[The problem]
Of all the lines below, return only those starting with the line holding "- The rules" and going on through the line holding "제주소방서 오라의용소방대는 지난", exactly as written.

[Entries shown]
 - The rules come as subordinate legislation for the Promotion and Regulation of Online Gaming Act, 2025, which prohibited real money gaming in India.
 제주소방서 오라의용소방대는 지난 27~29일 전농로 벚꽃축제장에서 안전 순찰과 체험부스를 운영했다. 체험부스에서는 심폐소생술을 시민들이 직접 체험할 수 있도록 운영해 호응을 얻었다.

* * *

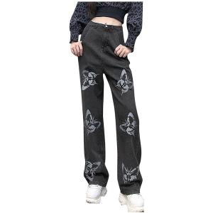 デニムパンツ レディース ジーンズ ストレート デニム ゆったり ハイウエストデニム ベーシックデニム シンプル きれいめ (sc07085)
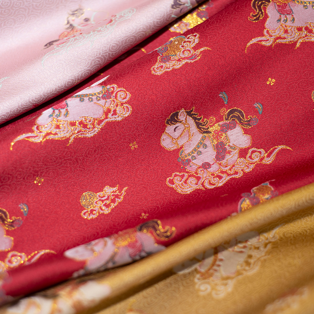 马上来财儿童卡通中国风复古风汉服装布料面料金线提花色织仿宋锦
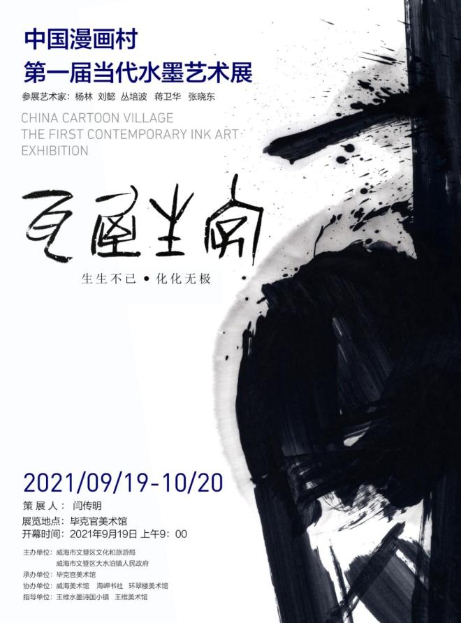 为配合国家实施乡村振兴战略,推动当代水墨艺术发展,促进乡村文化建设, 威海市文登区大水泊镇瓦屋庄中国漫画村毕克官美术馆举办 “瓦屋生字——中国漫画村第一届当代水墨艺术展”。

[Exercise result]
 - The rules come as subordinate legislation for the Promotion and Regulation of Online Gaming Act, 2025, which prohibited real money gaming in India.
 제주소방서 오라의용소방대는 지난 27~29일 전농로 벚꽃축제장에서 안전 순찰과 체험부스를 운영했다. 체험부스에서는 심폐소생술을 시민들이 직접 체험할 수 있도록 운영해 호응을 얻었다.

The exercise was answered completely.